PyData Boston 2025

Where Have All the Metrics Gone?
2025-12-09 , Horace Mann

How exactly does one validate the factuality of answers from a Retrieval-Augmented Generation (RAG) system? Or measure the impact of the new system prompt for your customer service agent? What do you do when stakeholders keep asking for "accuracy" metrics that you simply don't have? In this talk, we’ll learn how to define (and measure) what “good” looks like when traditional model metrics don’t apply.


In the good old supervised learning days, standard measures like accuracy, F1, and MSE were like blazes on the data science trail, showing us how to descend the gradient towards "better". But now we're in uncharted analytics territory, where our work increasingly involves unlabeled data and generative AI outputs, and metrics are either unavailable or undefined.

The key to every successful trek is preparation. We have to move from thinking about “metrics as defaults” to “metrics as design choices." We also need to be ready to design those metrics before we even start testing, because when we devise metrics post-training, we risk HARKing (Hypothesizing After Results are Known) and losing our scientific footing.

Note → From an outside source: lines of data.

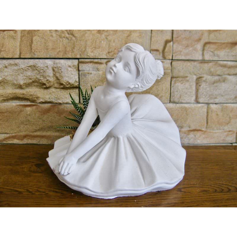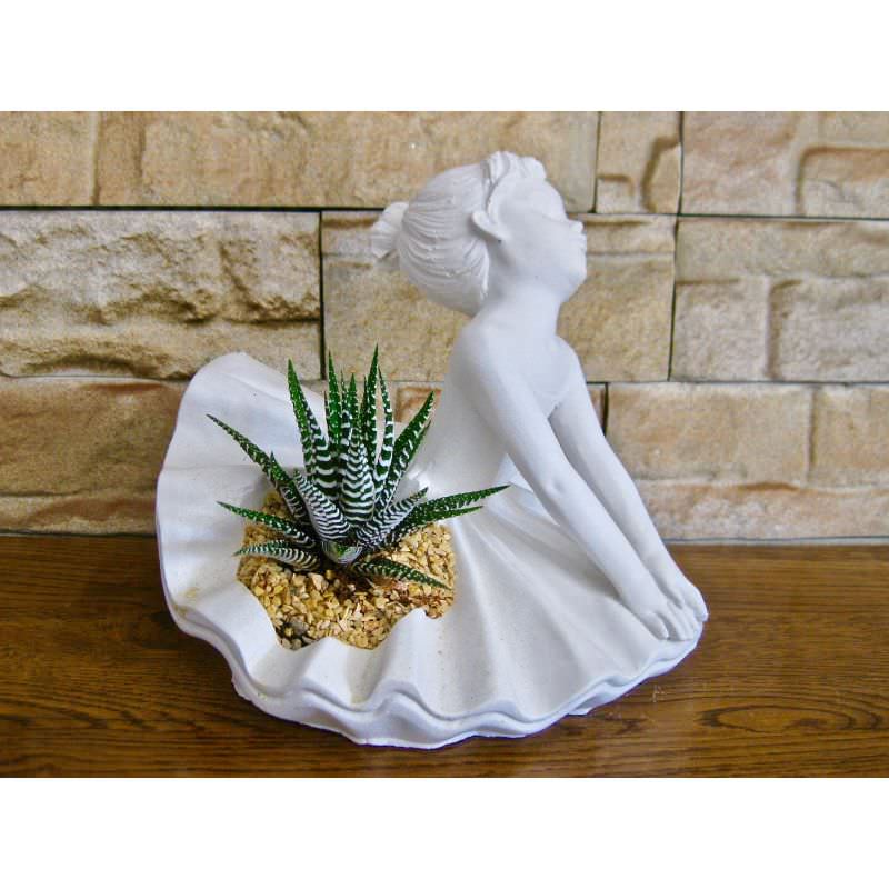 Scultura ballerina tonda seduta con pianta grassa.
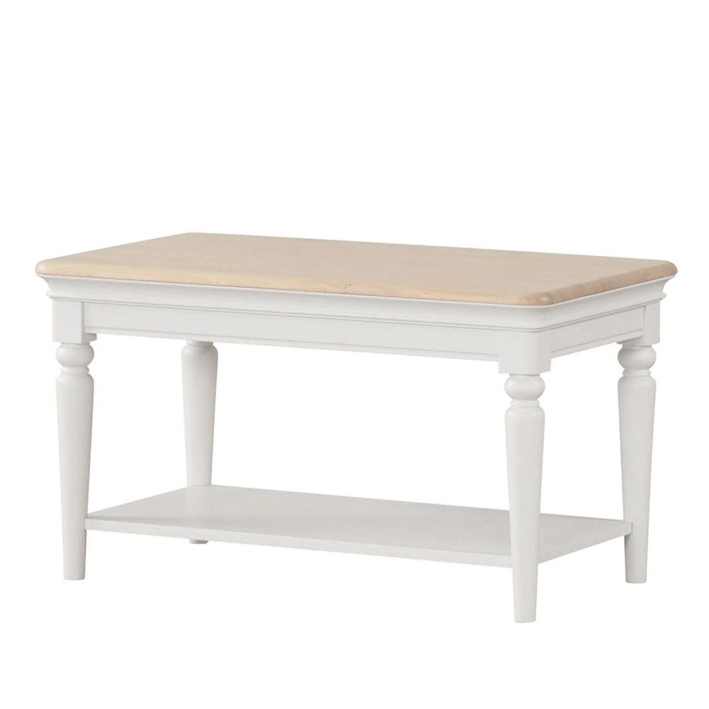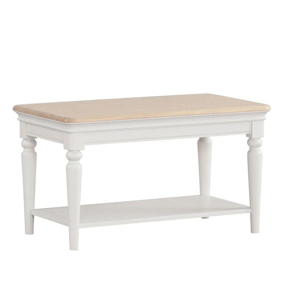 Add a touch of modern country elegance to your living space with this painted coffee table. Featuring beautifully turned legs, a solid oak top, and a practical lower shelf, it blends beauty and function with ease. Perfect for keeping magazines, books, or decor close at hand, this timeless piece brings warmth and character to any room.
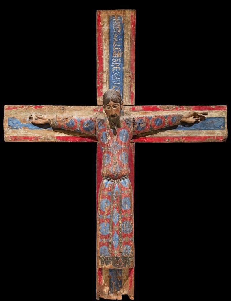 No obstante, también se pueden encontrar esculturas exentas, que no dependen de la arquitectura de los edificios. El ejemplo escogido es Majestad Batlló, la representación de Cristo crucificado en una composición frontal y geométrica. Tallado en madera policromada, se caracteriza por una expresividad solemne. Está vestido con una túnica de colores llamativos y de apariencia lujosa, recordando al estilo bizantino o hispanomusulmán. Actualmente se encuentra expuesto en el Museo Nacional de Arte de Cataluña.

This talk will provide a field guide for translating different kinds of modern research questions into clearly-defined metrics, including:
* Metrics of the past and why they aren't as useful now (~5 min)
* Common failure modes when attempting to evaluate generative AI outputs and other unlabeled data (~8 min)
* Techniques for identifying proxies when labels are missing (~8 min)
* Defining criteria for open-ended outputs (~8 min)
* Open source Python libraries (including new tools like outlines and dspy as well as old favorites like hypothesis and pytest) to equip you for your next data science adventure (~8 min)

Come learn how to define and adapt new metrics so that you'll be prepared for wherever your modeling journey takes you.


Prior Knowledge Expected: No previous knowledge expected

Dr. Rebecca Bilbro, co-founder and CTO of Rotational Labs, is a trailblazer in applied AI and machine learning engineering. She co-created Yellowbrick, a Python library that enhances model diagnostics by integrating scikit-learn and matplotlib APIs, facilitating more intuitive model steering.

At Rotational Labs, Dr. Bilbro leads initiatives that empower companies to harness their domain expertise and data, resulting in the successful deployment of large language models and data-driven products. Her efforts bridge the gap between data science and engineering, driving AI solutions that are grounded in real-world business needs, informed by research, rigorously prototyped, and built with deployment and data governance in mind.

She is the co-author of Applied Text Analysis with Python (2018, O’Reilly) and Apache Hudi: The Definitive Guide (2025, O’Reilly). Dr. Bilbro earned her Ph.D. from the University of Illinois, Urbana-Champaign, focusing her research on domain-specific languages within engineering.